── DATA SHOWN

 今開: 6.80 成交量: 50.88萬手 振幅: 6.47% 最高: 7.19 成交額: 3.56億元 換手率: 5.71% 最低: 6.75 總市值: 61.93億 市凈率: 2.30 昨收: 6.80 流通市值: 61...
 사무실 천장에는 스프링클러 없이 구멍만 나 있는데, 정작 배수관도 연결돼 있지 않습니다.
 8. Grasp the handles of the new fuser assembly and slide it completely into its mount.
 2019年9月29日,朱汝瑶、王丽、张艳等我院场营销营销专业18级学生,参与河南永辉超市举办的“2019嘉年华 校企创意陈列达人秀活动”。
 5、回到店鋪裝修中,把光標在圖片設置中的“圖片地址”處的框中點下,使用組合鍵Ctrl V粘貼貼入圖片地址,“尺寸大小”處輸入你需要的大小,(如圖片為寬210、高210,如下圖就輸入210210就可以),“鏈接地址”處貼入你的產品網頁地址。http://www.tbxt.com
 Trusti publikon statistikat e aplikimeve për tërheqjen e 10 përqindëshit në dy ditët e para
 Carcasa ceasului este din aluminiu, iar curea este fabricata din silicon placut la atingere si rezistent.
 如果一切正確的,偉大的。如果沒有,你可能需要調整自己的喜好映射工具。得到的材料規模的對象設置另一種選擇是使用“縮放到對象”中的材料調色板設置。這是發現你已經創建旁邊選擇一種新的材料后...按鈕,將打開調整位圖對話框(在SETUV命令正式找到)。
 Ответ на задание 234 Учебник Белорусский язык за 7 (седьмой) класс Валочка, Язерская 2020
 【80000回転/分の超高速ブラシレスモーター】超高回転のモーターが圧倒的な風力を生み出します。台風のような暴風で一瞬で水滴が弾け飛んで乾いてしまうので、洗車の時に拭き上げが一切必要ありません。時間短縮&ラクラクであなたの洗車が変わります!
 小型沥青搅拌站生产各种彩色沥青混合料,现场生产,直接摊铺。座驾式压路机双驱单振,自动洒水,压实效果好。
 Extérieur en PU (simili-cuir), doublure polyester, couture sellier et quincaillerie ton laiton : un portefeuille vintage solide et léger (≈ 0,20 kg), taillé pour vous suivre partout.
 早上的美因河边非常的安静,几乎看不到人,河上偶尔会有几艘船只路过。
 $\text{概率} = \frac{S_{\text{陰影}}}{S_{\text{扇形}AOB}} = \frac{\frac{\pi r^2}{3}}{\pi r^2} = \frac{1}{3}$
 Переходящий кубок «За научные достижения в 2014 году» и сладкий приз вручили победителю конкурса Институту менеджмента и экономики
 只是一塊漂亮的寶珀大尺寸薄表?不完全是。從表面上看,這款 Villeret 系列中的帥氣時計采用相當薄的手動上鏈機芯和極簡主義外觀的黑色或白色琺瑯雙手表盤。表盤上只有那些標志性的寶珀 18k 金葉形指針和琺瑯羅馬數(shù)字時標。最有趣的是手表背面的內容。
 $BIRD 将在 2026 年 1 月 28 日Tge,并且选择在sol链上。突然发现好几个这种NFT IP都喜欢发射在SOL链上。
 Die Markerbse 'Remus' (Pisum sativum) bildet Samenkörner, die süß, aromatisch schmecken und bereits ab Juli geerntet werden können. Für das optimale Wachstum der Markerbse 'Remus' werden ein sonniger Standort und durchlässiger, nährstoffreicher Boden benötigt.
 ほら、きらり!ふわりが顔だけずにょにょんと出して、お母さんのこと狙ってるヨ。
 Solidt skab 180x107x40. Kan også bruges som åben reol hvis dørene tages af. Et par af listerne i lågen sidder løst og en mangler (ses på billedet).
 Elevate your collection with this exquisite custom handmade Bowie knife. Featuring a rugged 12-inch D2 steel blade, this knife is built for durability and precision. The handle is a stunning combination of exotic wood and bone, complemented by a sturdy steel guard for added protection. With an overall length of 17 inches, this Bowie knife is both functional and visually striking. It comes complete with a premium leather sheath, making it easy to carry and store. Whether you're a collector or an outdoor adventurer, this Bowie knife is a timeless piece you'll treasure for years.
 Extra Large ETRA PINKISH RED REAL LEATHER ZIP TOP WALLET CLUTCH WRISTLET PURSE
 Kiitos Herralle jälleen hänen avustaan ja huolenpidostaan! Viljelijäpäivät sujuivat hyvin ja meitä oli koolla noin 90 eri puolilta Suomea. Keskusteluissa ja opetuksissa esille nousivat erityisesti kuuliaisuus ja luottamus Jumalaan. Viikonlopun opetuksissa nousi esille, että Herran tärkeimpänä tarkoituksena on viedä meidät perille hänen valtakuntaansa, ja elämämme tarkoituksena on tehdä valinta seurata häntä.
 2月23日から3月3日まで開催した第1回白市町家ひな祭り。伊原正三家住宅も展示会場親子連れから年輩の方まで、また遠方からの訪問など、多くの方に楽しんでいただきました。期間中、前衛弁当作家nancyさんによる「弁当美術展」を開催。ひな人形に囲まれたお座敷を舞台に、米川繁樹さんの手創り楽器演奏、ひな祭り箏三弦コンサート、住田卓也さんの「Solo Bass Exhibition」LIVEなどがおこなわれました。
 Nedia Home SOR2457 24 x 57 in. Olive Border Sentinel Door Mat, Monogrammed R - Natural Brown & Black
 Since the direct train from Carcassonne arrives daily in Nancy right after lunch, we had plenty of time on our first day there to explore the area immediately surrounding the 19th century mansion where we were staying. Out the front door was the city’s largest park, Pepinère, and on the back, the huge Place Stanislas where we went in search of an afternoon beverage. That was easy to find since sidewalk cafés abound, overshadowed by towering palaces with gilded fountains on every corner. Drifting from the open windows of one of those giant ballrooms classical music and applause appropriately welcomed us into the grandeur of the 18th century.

────

Give the listing above again in full, with no word altered.

 今開: 6.80 成交量: 50.88萬手 振幅: 6.47% 最高: 7.19 成交額: 3.56億元 換手率: 5.71% 最低: 6.75 總市值: 61.93億 市凈率: 2.30 昨收: 6.80 流通市值: 61...
 사무실 천장에는 스프링클러 없이 구멍만 나 있는데, 정작 배수관도 연결돼 있지 않습니다.
 8. Grasp the handles of the new fuser assembly and slide it completely into its mount.
 2019年9月29日,朱汝瑶、王丽、张艳等我院场营销营销专业18级学生,参与河南永辉超市举办的“2019嘉年华 校企创意陈列达人秀活动”。
 5、回到店鋪裝修中,把光標在圖片設置中的“圖片地址”處的框中點下,使用組合鍵Ctrl V粘貼貼入圖片地址,“尺寸大小”處輸入你需要的大小,(如圖片為寬210、高210,如下圖就輸入210210就可以),“鏈接地址”處貼入你的產品網頁地址。http://www.tbxt.com
 Trusti publikon statistikat e aplikimeve për tërheqjen e 10 përqindëshit në dy ditët e para
 Carcasa ceasului este din aluminiu, iar curea este fabricata din silicon placut la atingere si rezistent.
 如果一切正確的,偉大的。如果沒有,你可能需要調整自己的喜好映射工具。得到的材料規模的對象設置另一種選擇是使用“縮放到對象”中的材料調色板設置。這是發現你已經創建旁邊選擇一種新的材料后...按鈕,將打開調整位圖對話框(在SETUV命令正式找到)。
 Ответ на задание 234 Учебник Белорусский язык за 7 (седьмой) класс Валочка, Язерская 2020
 【80000回転/分の超高速ブラシレスモーター】超高回転のモーターが圧倒的な風力を生み出します。台風のような暴風で一瞬で水滴が弾け飛んで乾いてしまうので、洗車の時に拭き上げが一切必要ありません。時間短縮&ラクラクであなたの洗車が変わります!
 小型沥青搅拌站生产各种彩色沥青混合料,现场生产,直接摊铺。座驾式压路机双驱单振,自动洒水,压实效果好。
 Extérieur en PU (simili-cuir), doublure polyester, couture sellier et quincaillerie ton laiton : un portefeuille vintage solide et léger (≈ 0,20 kg), taillé pour vous suivre partout.
 早上的美因河边非常的安静,几乎看不到人,河上偶尔会有几艘船只路过。
 $\text{概率} = \frac{S_{\text{陰影}}}{S_{\text{扇形}AOB}} = \frac{\frac{\pi r^2}{3}}{\pi r^2} = \frac{1}{3}$
 Переходящий кубок «За научные достижения в 2014 году» и сладкий приз вручили победителю конкурса Институту менеджмента и экономики
 只是一塊漂亮的寶珀大尺寸薄表?不完全是。從表面上看,這款 Villeret 系列中的帥氣時計采用相當薄的手動上鏈機芯和極簡主義外觀的黑色或白色琺瑯雙手表盤。表盤上只有那些標志性的寶珀 18k 金葉形指針和琺瑯羅馬數(shù)字時標。最有趣的是手表背面的內容。
 $BIRD 将在 2026 年 1 月 28 日Tge,并且选择在sol链上。突然发现好几个这种NFT IP都喜欢发射在SOL链上。
 Die Markerbse 'Remus' (Pisum sativum) bildet Samenkörner, die süß, aromatisch schmecken und bereits ab Juli geerntet werden können. Für das optimale Wachstum der Markerbse 'Remus' werden ein sonniger Standort und durchlässiger, nährstoffreicher Boden benötigt.
 ほら、きらり!ふわりが顔だけずにょにょんと出して、お母さんのこと狙ってるヨ。
 Solidt skab 180x107x40. Kan også bruges som åben reol hvis dørene tages af. Et par af listerne i lågen sidder løst og en mangler (ses på billedet).
 Elevate your collection with this exquisite custom handmade Bowie knife. Featuring a rugged 12-inch D2 steel blade, this knife is built for durability and precision. The handle is a stunning combination of exotic wood and bone, complemented by a sturdy steel guard for added protection. With an overall length of 17 inches, this Bowie knife is both functional and visually striking. It comes complete with a premium leather sheath, making it easy to carry and store. Whether you're a collector or an outdoor adventurer, this Bowie knife is a timeless piece you'll treasure for years.
 Extra Large ETRA PINKISH RED REAL LEATHER ZIP TOP WALLET CLUTCH WRISTLET PURSE
 Kiitos Herralle jälleen hänen avustaan ja huolenpidostaan! Viljelijäpäivät sujuivat hyvin ja meitä oli koolla noin 90 eri puolilta Suomea. Keskusteluissa ja opetuksissa esille nousivat erityisesti kuuliaisuus ja luottamus Jumalaan. Viikonlopun opetuksissa nousi esille, että Herran tärkeimpänä tarkoituksena on viedä meidät perille hänen valtakuntaansa, ja elämämme tarkoituksena on tehdä valinta seurata häntä.
 2月23日から3月3日まで開催した第1回白市町家ひな祭り。伊原正三家住宅も展示会場親子連れから年輩の方まで、また遠方からの訪問など、多くの方に楽しんでいただきました。期間中、前衛弁当作家nancyさんによる「弁当美術展」を開催。ひな人形に囲まれたお座敷を舞台に、米川繁樹さんの手創り楽器演奏、ひな祭り箏三弦コンサート、住田卓也さんの「Solo Bass Exhibition」LIVEなどがおこなわれました。
 Nedia Home SOR2457 24 x 57 in. Olive Border Sentinel Door Mat, Monogrammed R - Natural Brown & Black
 Since the direct train from Carcassonne arrives daily in Nancy right after lunch, we had plenty of time on our first day there to explore the area immediately surrounding the 19th century mansion where we were staying. Out the front door was the city’s largest park, Pepinère, and on the back, the huge Place Stanislas where we went in search of an afternoon beverage. That was easy to find since sidewalk cafés abound, overshadowed by towering palaces with gilded fountains on every corner. Drifting from the open windows of one of those giant ballrooms classical music and applause appropriately welcomed us into the grandeur of the 18th century.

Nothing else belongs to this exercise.